- _What the task requires_
Make an exact copy of the lines from the one containing "日常の喧騒を忘れ、愛らしいサ" through the end of the records below, and leave out every picture.

Dataset records START

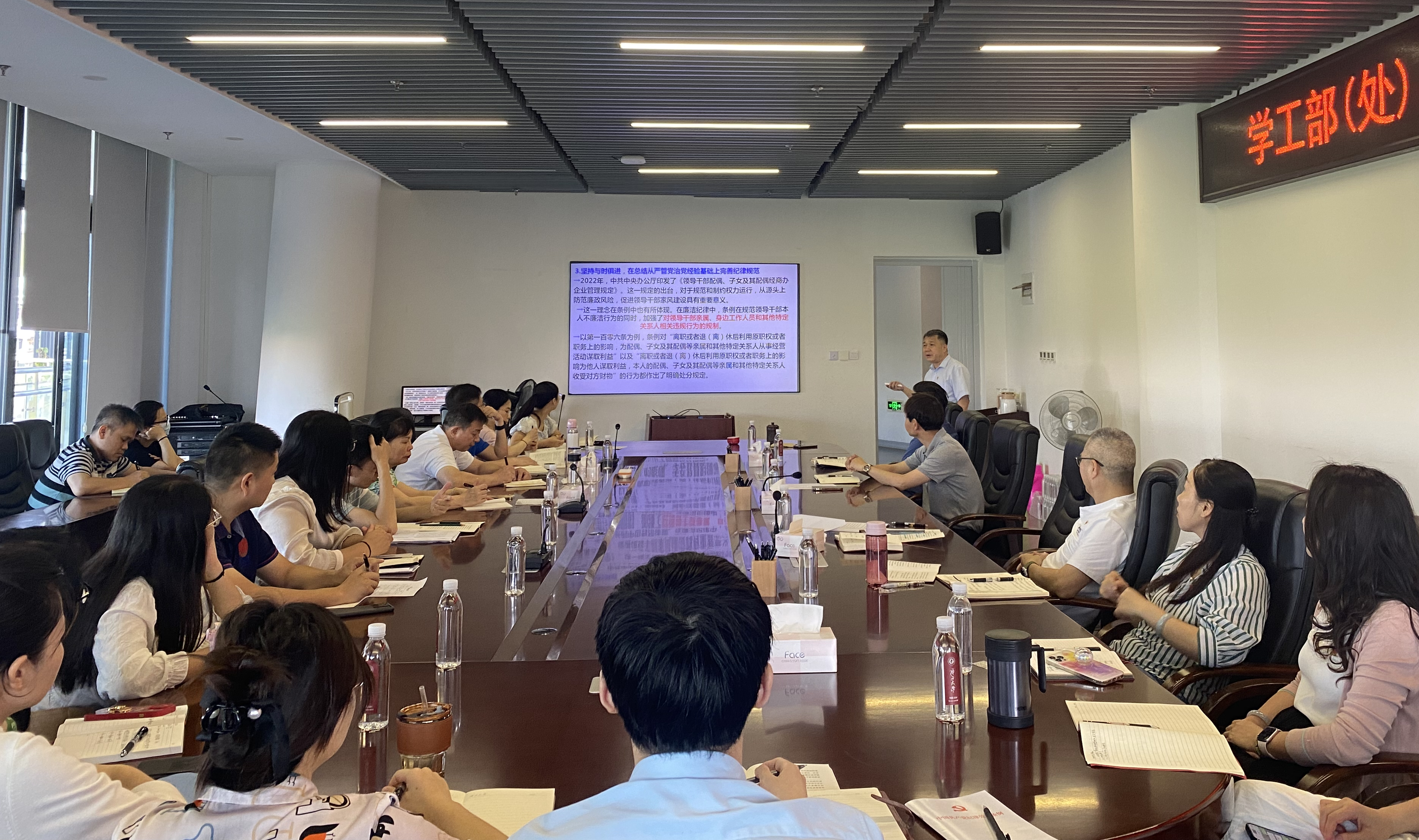 学生工作部(处)部(处)长黄必春以《<中国共产党纪律处分条例>学习体会》为题,围绕《中国共产党纪律处分条例》修订原因、具体修订条款、修订后的突出特点等方面进行讲课。
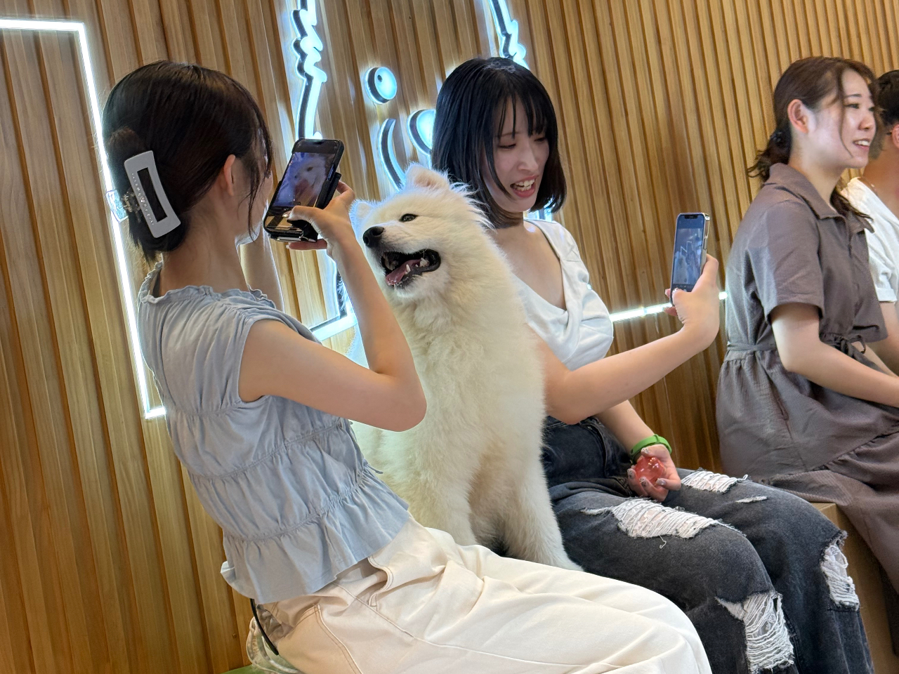 日常の喧騒を忘れ、愛らしいサモエドたちとのふれあいを通して心もほっとほどけるひとときをお楽しみください。
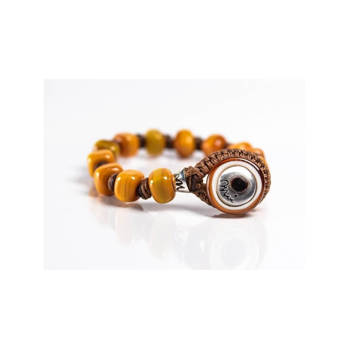 Original Moi men's and women's bracelet with fabric cord and mustard murano glass beads, designer Franco Cannarile - Marrakech
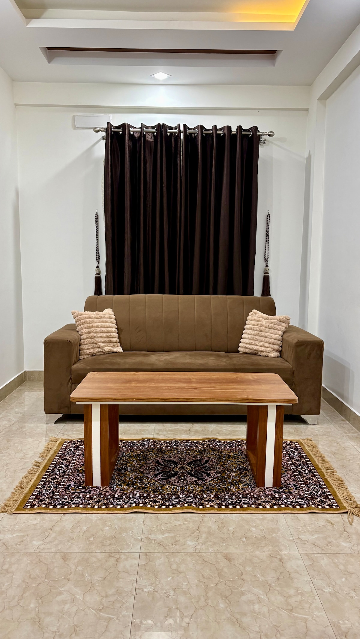 This one bedroom apartment is the perfect home away from home. It offers easy access to local attractions. Bedroom: Well-appointed bedrooms featuring comfortable bedding for a restful stay. AC is in the bedroom. Living Area : The spacious living area is filled with natural light, featuring stylish decor and comfortable furnishings. Kitchen: For those who love to cook a fully equipped kitchen with modern appliances and a complete set of utensils for preparing home-cooked meals.
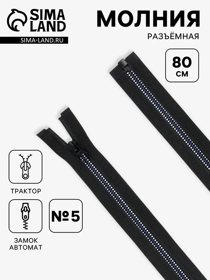 Молния «Трактор», №5, разъёмная, замок автомат, 80 см, чёрная, белая, синяя
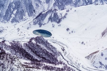 Snow-capped mountain peaks and deep gorges in the area of cross pass, Georgia. Fog, clouds, snow. Round lake in the gorge
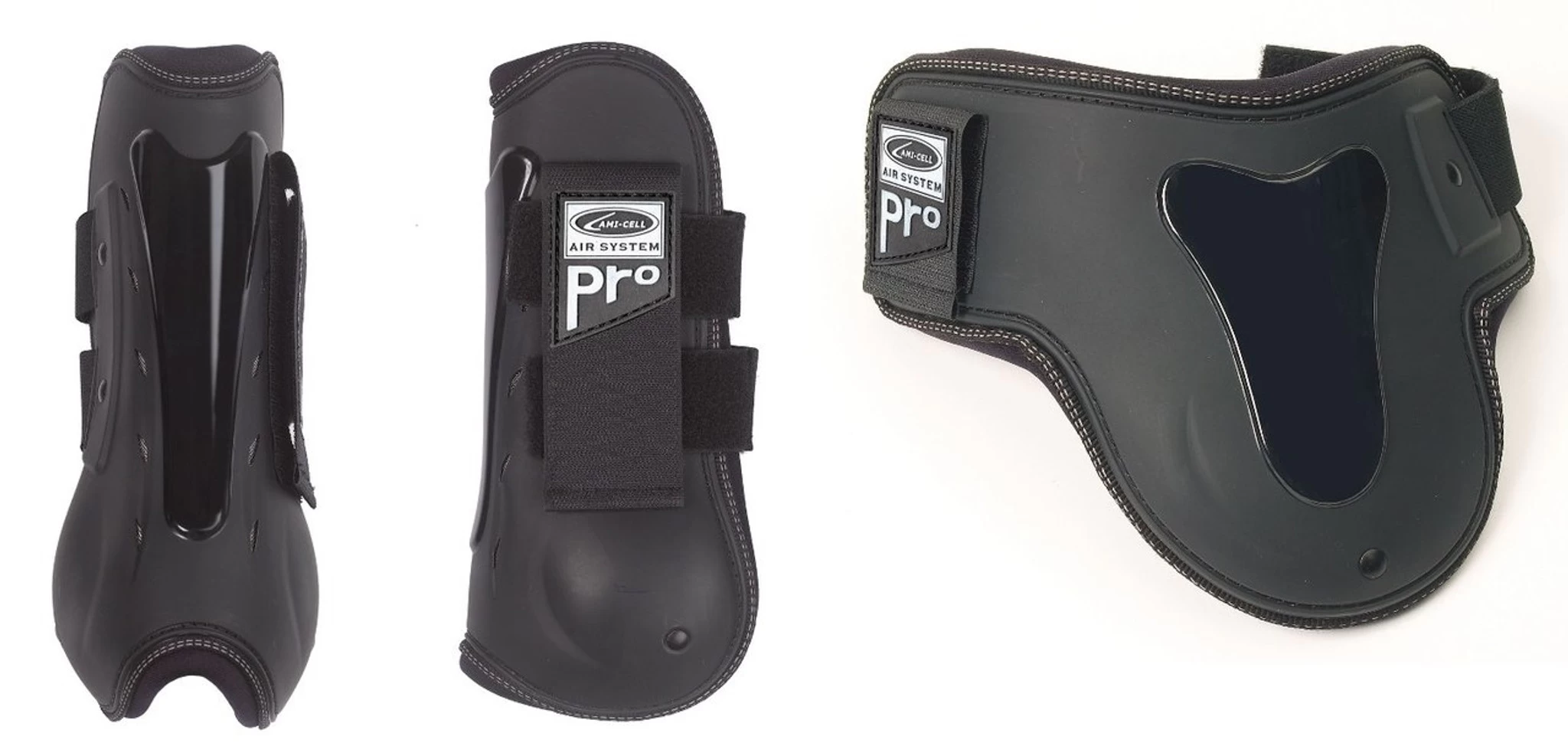 New lightweight leg protection from Lami-Cell! These molded open-front tendon boots and fetlock boots feature a tough outer shell that protects against strike and knock injuries. They feature high-tech perforated foam padding with air vents around the strike pads, reducing sweat build-up and keeping the leg cool. Elasticized lock straps for added security, and soft neoprene lining for added comfort. Set includes a pair of tendon boots and a pair of fetlock foots.

Dataset records END

- _Written reply_
 日常の喧騒を忘れ、愛らしいサモエドたちとのふれあいを通して心もほっとほどけるひとときをお楽しみください。
 Original Moi men's and women's bracelet with fabric cord and mustard murano glass beads, designer Franco Cannarile - Marrakech
 This one bedroom apartment is the perfect home away from home. It offers easy access to local attractions. Bedroom: Well-appointed bedrooms featuring comfortable bedding for a restful stay. AC is in the bedroom. Living Area : The spacious living area is filled with natural light, featuring stylish decor and comfortable furnishings. Kitchen: For those who love to cook a fully equipped kitchen with modern appliances and a complete set of utensils for preparing home-cooked meals.
 Молния «Трактор», №5, разъёмная, замок автомат, 80 см, чёрная, белая, синяя
 Snow-capped mountain peaks and deep gorges in the area of cross pass, Georgia. Fog, clouds, snow. Round lake in the gorge
 New lightweight leg protection from Lami-Cell! These molded open-front tendon boots and fetlock boots feature a tough outer shell that protects against strike and knock injuries. They feature high-tech perforated foam padding with air vents around the strike pads, reducing sweat build-up and keeping the leg cool. Elasticized lock straps for added security, and soft neoprene lining for added comfort. Set includes a pair of tendon boots and a pair of fetlock foots.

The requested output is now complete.